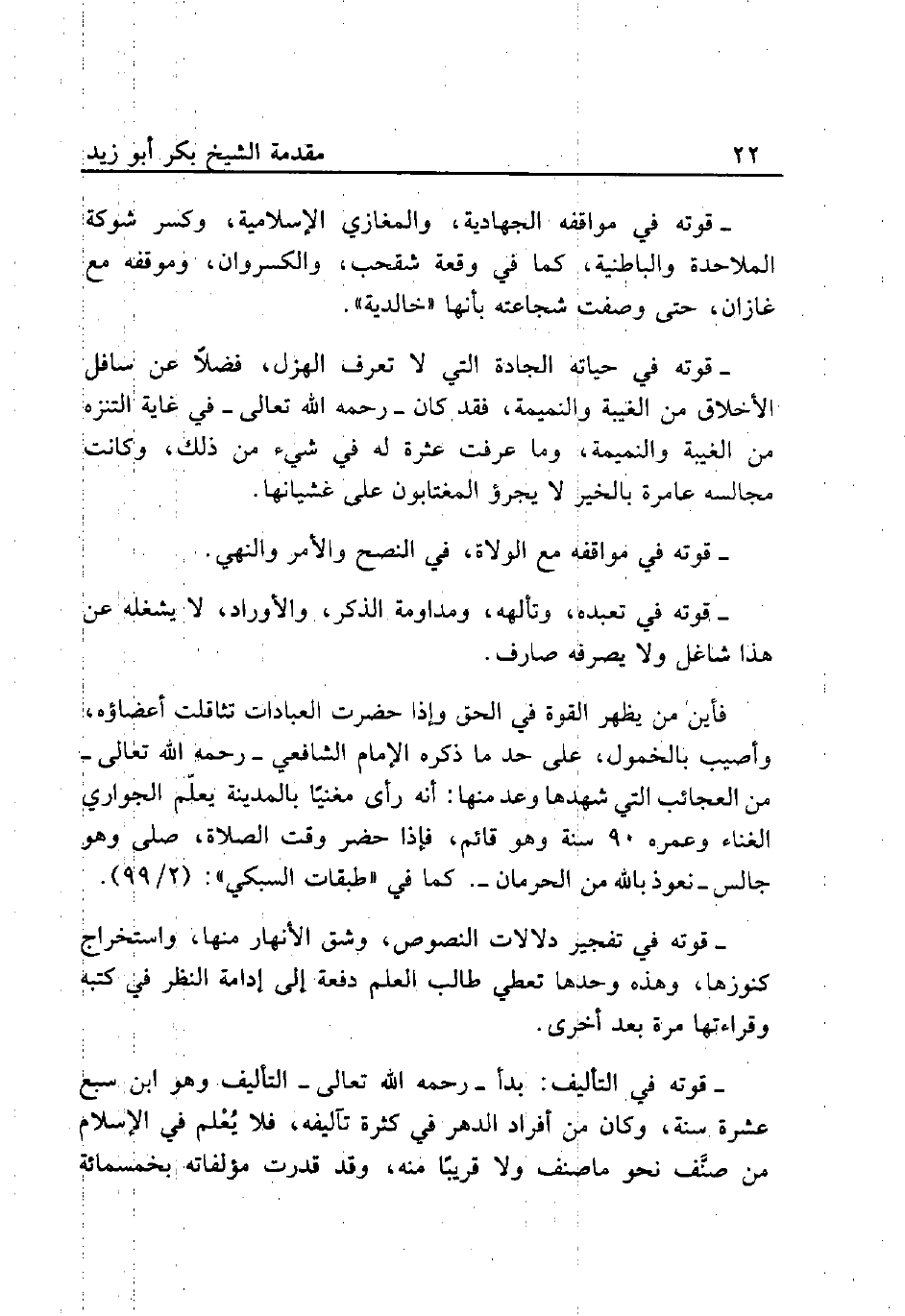 - قوته في حياته الجادة التي لا تعرف الهزل، فضلًا عن سافل الأخلاق من الغيبة والنميمة، فقد كان -رحمه الله تعالى- في غاية التنزه من الغيبة والنميمة، وما عرفت عثرة له في شيء من ذلك، وكانت مجالسه عامرة بالخير لا يجرؤ المغتابون على غشيانها.
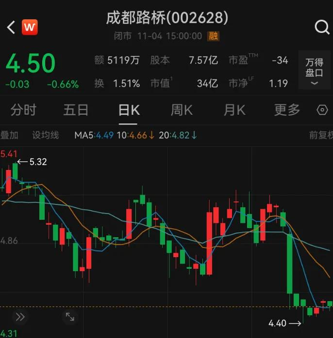截至11月4日收盘,成都路桥报4.50元/股,跌0.66%,总市值为34.07亿元。
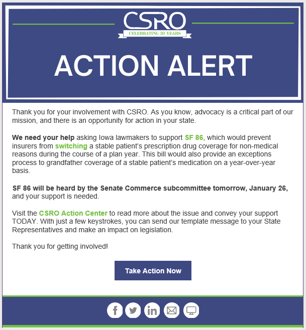 The Rheumatology Association of Iowa, as a member of the Coalition of State Rheumatology Organizations, encourages members to Make Your Voice Heard on the subject of non-medical switching by contacting your State Representatives using the template linked below. The deadline for this effort is Thursday, January 26 at 10:00am. |

(WHAT THE TASK ASKS)
All of the data, minus its pictures, should be repeated exactly.

(OUTPUT)
 - قوته في حياته الجادة التي لا تعرف الهزل، فضلًا عن سافل الأخلاق من الغيبة والنميمة، فقد كان -رحمه الله تعالى- في غاية التنزه من الغيبة والنميمة، وما عرفت عثرة له في شيء من ذلك، وكانت مجالسه عامرة بالخير لا يجرؤ المغتابون على غشيانها.
截至11月4日收盘,成都路桥报4.50元/股,跌0.66%,总市值为34.07亿元。
 The Rheumatology Association of Iowa, as a member of the Coalition of State Rheumatology Organizations, encourages members to Make Your Voice Heard on the subject of non-medical switching by contacting your State Representatives using the template linked below. The deadline for this effort is Thursday, January 26 at 10:00am. |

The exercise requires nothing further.